Menolak tapi Menerima
HUJAN interupsi membuat alot Rapat Paripurna Dewan Perwakilan Rakyat Daerah Sleman, medio Desember lalu. Dari 34 orang anggota Dewan yang hadir, hanya lima yang tidak setuju draf Rancangan Perubahan Peraturan Daerah tentang Kedudukan Protokoler dan Keuangan Pimpinan dan Anggota. Pimpinan sidang melakukan voting. Akhirnya lima wakil rakyat dari Fraksi Partai Keadilan Sejahtera (PKS) yang menolak itu pun keok.

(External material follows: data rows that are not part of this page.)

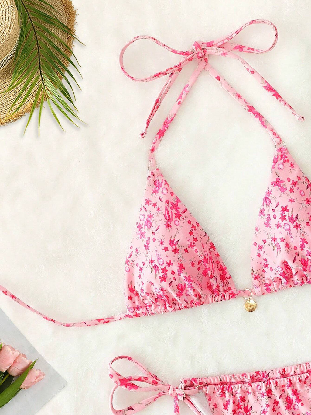 BELLAVOG Novi cvjetni print, mekani podstavljeni prstenasti halter, seksi bikini set, ženski ljetni modni kupaći kostimi za plažu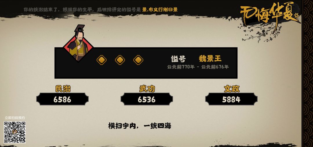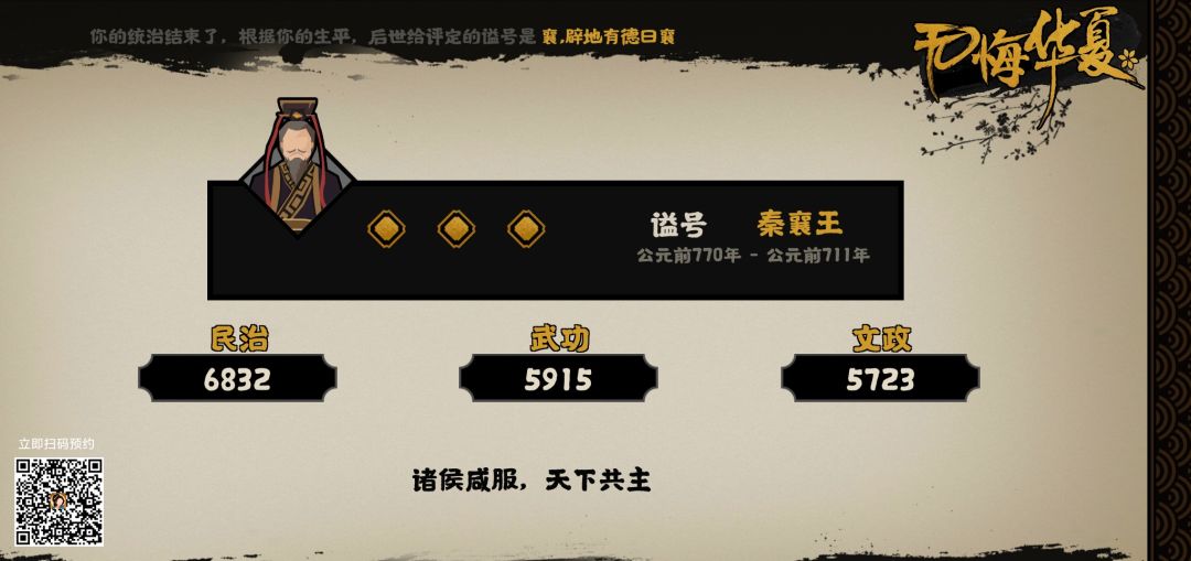 这张图当初吴起有不能招募的bug,我去试验除了在地图上看到的义渠招募吴起外,别的国家能否招募吴起。结果没想到最后三星了。这个结局科技升的并不算太多,但最终三星,我判断是因为这个结局民心军心腐败,属性相对较高的原因。
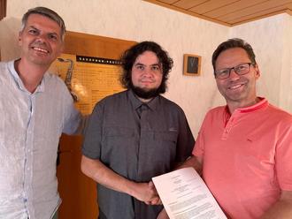 Der MGV Steinbach hat Stephan Sandmeier als neuen Chorleiter verpflichtet; kürzlich fand die Vertragsunterzeichnung mit der Vorstandschaft statt (v.l. Stefan Harbeck, 2. Vorstand, der neue Chorleiter Stephan Sandmeier und Dieter Grund, 1. Vorstand).
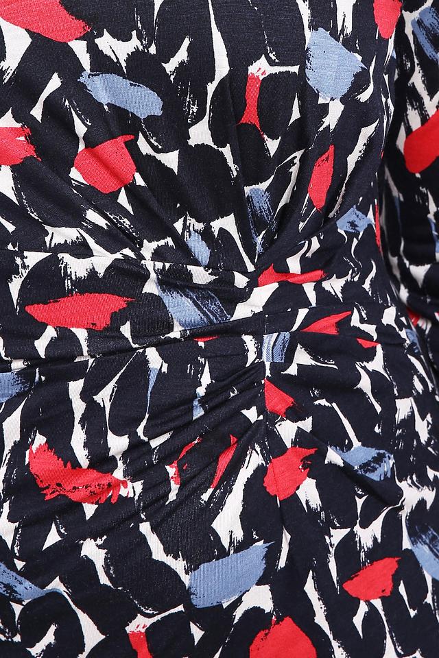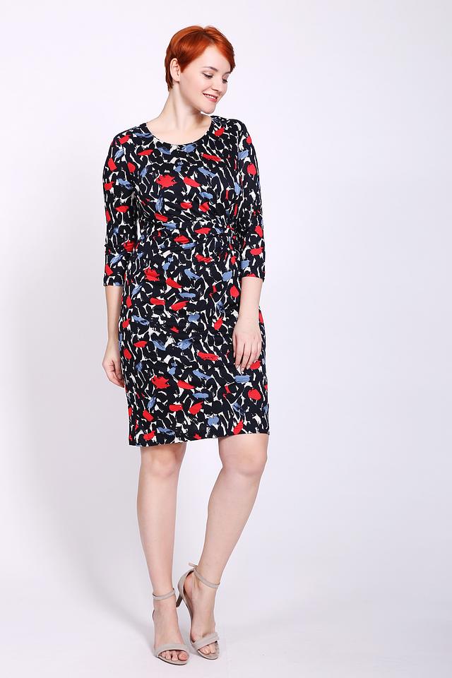 Платье изготовлено из 100% вискозы, что обеспечивает комфорт и приятные ощущения при носке. Вискоза – это натуральный материал, который хорошо дышит и обладает мягкой текстурой. Сбоку платья есть небольшая сборка на талии, которая создает дополнительный акцент на фигуре.

Draf yang disusun untuk menyikapi terbitnya Peraturan Pemerintah No. 37 Tahun 2006 itu ditetapkan dengan pola maksimal. Besarnya, tiga kali uang representasi ketua dewan. Itu yang dipersoalkan dan menjadi dasar penolakan kelima wakil rakyat tersebut. Alasannya, penetapan itu tidak mempertimbangkan beban kerja dan kemampuan daerah.

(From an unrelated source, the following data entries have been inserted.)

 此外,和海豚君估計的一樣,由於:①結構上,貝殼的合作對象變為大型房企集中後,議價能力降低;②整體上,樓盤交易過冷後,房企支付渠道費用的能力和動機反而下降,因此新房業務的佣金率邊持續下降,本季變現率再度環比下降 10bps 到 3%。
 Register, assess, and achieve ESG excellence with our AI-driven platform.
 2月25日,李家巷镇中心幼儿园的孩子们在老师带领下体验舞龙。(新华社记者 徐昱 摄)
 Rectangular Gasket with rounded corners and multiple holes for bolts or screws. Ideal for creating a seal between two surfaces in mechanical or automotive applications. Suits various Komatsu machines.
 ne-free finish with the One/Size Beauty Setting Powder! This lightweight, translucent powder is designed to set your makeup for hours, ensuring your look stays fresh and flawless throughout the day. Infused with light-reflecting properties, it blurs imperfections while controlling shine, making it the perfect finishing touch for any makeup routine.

Wakil Ketua Dewan Kabupaten Sleman, Yogyakarta, Rahman Agus Sukamto, mengatakan bahwa berdasarkan keputusan itu, 45 orang anggota Dewan Kabupaten Sleman akan menerima tunjangan komunikasi intensif masing-masing Rp 75,6 juta per tahun. Berarti, daerah harus menyiapkan Rp 3,402 miliar untuk membayar rapel anggota Dewan.

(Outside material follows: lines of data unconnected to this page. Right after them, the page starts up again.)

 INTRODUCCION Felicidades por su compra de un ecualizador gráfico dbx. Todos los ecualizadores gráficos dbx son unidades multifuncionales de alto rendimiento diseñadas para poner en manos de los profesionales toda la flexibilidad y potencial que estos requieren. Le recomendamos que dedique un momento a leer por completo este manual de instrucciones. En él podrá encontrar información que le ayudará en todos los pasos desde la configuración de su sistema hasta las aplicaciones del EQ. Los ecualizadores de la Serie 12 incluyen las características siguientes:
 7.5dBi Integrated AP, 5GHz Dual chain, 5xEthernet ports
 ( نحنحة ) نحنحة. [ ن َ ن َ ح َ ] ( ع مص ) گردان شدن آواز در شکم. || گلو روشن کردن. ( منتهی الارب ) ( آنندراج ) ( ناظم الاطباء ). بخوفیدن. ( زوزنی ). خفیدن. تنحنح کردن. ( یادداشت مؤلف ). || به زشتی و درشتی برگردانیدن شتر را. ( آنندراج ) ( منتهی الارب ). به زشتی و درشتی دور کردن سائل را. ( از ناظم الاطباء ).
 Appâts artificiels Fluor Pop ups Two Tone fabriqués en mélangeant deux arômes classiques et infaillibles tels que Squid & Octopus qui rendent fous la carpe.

Jumlah itu masih ditambah tunjangan komunikasi intensif untuk pimpinan dewan yang besarnya enam kali uang representasi atau Rp 12,6 juta per bulan. Dan untuk dua orang wakil ketua masing-masing empat kali uang representasi atau Rp 6,4 juta tiap bulan. Itu baru tunjangan komunikasi intensif, belum tunjangan operasional dan tunjangan lain yang dalam pasal 10 peraturan tersebut jumlahnya mencapai 10 item.
Menurut Rahman, dalam lima tahun terakhir, Kabupaten Sleman menggunakan sistem anggaran defisit, bukan sistem anggaran berimbang. Karena itu wajar bila dengan penambahan rapel gaji 2006 pun defisit. Misalnya, APBD menetapkan penerimaan Rp 633 miliar dengan anggaran belanja Rp 700 miliar. ”Tiap akhir tahun kami selalu surplus karena banyak pos yang dikurangi untuk menutup defisit. Tahun anggaran 2006, kami masih punya saving Rp 192 miliar,” tuturnya.
Daerah lain yang juga memiliki pendapatan asli daerah (PAD) cukup baik adalah Kabupaten Simalungun, Sumatera Utara. Dengan PAD Rp 33 miliar, Simalungun mampu menyiapkan Rp 7 miliar untuk tunjangan Dewan. ”Tapi sejujurnya, kami menginginkan pembayaran tunjangan komunikasi intensif itu cukup dua kali atau bahkan satu kali uang representasi,” tutur Bupati Simalungun, Zulkarnaen Damanik.
Daerah surplus seperti Sleman dan Simalungun mungkin tidak terlalu terbebani. Tapi untuk daerah yang memiliki sumber dana terbatas, peraturan pemerintah ini akan menjadi masalah besar. Kepentingan rakyat bisa ”lewat” demi membayar gaji Dewan. Ketua Komite Pemantau Legislatif Makassar, Syamsuddin Alimsyah, menyatakan bahwa tambahan penghasilan bagi anggota DPRD sudah jelas akan semakin memperkecil alokasi anggaran untuk masyarakat.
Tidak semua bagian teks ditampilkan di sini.